Себастьян промолчал. Нетрудно догадаться, что дело обстояло именно так. Это видно даже из заглавия: «Профессор Фрейбургского университета объясняет теории Убийцы из машины времени». Себастьян даже специально вставил в свою статью несколько фраз из признаний преступника. Совершивший пять убийств молодой человек заявил на допросе, что это, мол, не убийства, а научный эксперимент. Он якобы прибыл из две тысячи пятнадцатого года для доказательства теории множественных вселенных. Согласно ее положениям, время не движется прямолинейно, а представляет собой гигантское количество накладывающихся одна на другую вселенных, число которых увеличивается с каждой секундой, то есть своего рода временную пену, состоящую из бесконечного числа пузырьков. По этой причине путешествие в прошлое представляет собой не возвращение в один из предшествующих периодов развития человечества, а переход из одного мира в другой. Таким образом, вмешательство в события прошлого проходит без последствий, в настоящем от этого ничего не меняется. Он может засвидетельствовать, что все его жертвы благополучно здравствуют в две тысячи пятнадцатом году. В том мире, к которому он принадлежит, никто не убит, а следовательно, не было никакого преступления. Поэтому он с сожалением вынужден констатировать, что не подлежит судебному преследованию в две тысячи седьмом году. Молодой человек с возмущением отверг совет своего адвоката, который собирался строить защиту на невменяемости обвиняемого.

— А ты понаписал в «Шпигеле» такого, — продолжал Оскар, — что переплюнул даже идеи сумасшедшего!

— Хочешь сказать — раз сумасшедший, то, следовательно, и не прав! Это для меня новость. Не знал, что сумасшествие автоматически означает неправоту.

— Тобой-то движет даже не безумие, а желание, — тут Оскар тычет себе пальцем через плечо, — релятивировать совершенно определенную реальность.

— Тише ты! — шипит Себастьян. — Довольно уже.

На том конце столовой Майка, нагнувшись, держит за запястья Лиама. Она что-то говорит ему и все время тянет к себе, а он отворачивает лицо то в одну, то в другую сторону.

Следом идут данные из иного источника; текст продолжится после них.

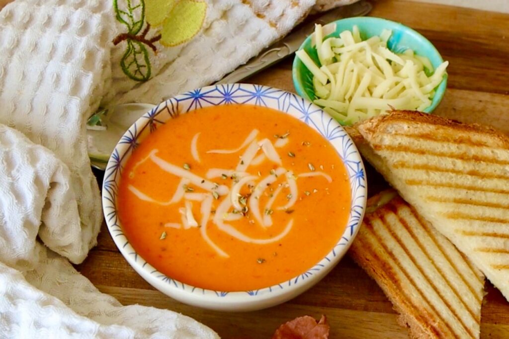 Yalnızca yarım bardak sütle, salçasız, kremasız, mis kokulu bir domates çorbası yapıyoruz. Üzerine kaşar rendesi de çok yakışıyor.
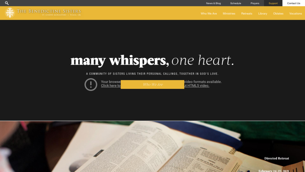 We are Catholic Benedictine women, committed to the Gospel of Jesus Christ, which impels us to love as he loves, through a common life of prayer, hospitality and ministry.

Когда она находит глазами Себастьяна, чтобы обменяться с ним улыбкой, упавшие на лоб волосы занавешивают ее лицо.

— А я знаю, о чем вы разговариваете, — говорит она громко. — Существует такая параллельная вселенная, где Лиам не отказывается накрывать на стол.

— Именно так, — дружелюбно отвечает Себастьян.

— И вселенная, где Оскар не смотрит так сердито.

— Надеюсь, что да.

— И может быть, еще такая, где я не твоя жена, а Лиам не сын.

Она хохочет при виде растерянности на лице Себастьяна. Потенциальный полусирота вырывается от Майки и, обежав вокруг стола, выскакивает в переднюю, Майка — следом за ним.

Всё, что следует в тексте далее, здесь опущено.